You have good taste, and I love the look. I'll be following suit...maybe by next spring.

Gerry

Black/Black 06 M6 18's


----------



## Eddie 70 (Aug 29, 2006)

This is always my first mod on any vehicle I buy. Looks good. I like it.


----------



## GTJimbO (Apr 28, 2006)

Thanks, guys. Best part: Free to me. Had an old $250 gift card from last christmas that I used. 

Next up: Rip Shifter...

Jim Miller


----------



## mattmc1228 (Jul 13, 2006)

GTJimbO said:


> Not sure if that qualifies as exterior or interior, heh, but just got the windows tinted. Not wanting the red seats, I'm now discovering how bloody hot it gets with black on black.
> 
> Love the look now.
> 
> ...




I JUST GOT ON 5% ALL THE WAY AROUND. Totally illegal in Pa


----------



## GoatMann (Jul 20, 2006)

*How does...*

how does the Goat do with the tint in the heat? 

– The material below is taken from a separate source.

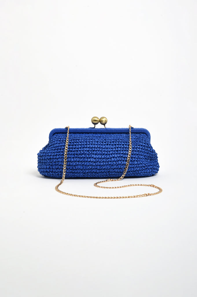 The Clip Top Elongated Clutch in Colbat is an unstructured clutch crafted from woven raffia and finished with a metal clip closure. It includes an optional chain strap, an internal pocket and a fabric-lined interior. Made from paper raffia with plated metal detailing.
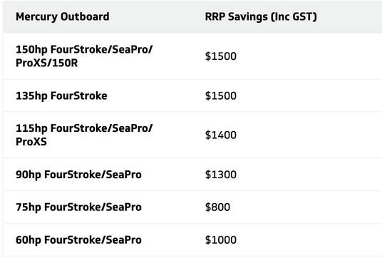 Savings are based on RRP and are subject to change without notice. Offer available on new Mercury 60-150HP four stroke outboards purchased between 20/10/25 to 15/12/25. The advertised maximum RRP savings of $1500 (inc GST) is based on a 150HP FourStroke model. Offer excludes freight and local statutory charges. Offer available to private customers only, promotion not to be used in conjunction with any other offer and cannot be redeemed for cash. Mercury reserves the right to extend offer. See your local participating Mercury Dealer or visit www.mercurymarine.com/au/en/Promotions for details. While stocks last.

I've noticed how incredibly hot it gets my 06 GTO M6 black with Red guts. 

Have you noticed it being cooler than without the tinting???


----------



## mattmc1228 (Jul 13, 2006)

Yea i noticed it being cooler


----------



## Napoleon_Tanerite (Aug 3, 2006)

i need to get mine tinted. even in a blue car it gets hot as **** in there


----------



## GTJimbO (Apr 28, 2006)

GoatMann said:


> how does the Goat do with the tint in the heat?
> 
> I've noticed how incredibly hot it gets my 06 GTO M6 black with Red guts.
> 
> Have you noticed it being cooler than without the tinting???



It's a lot cooler now -- still hot, but not scortching. Also use a window screen if I have to park it in the sun.

Jim M.


----------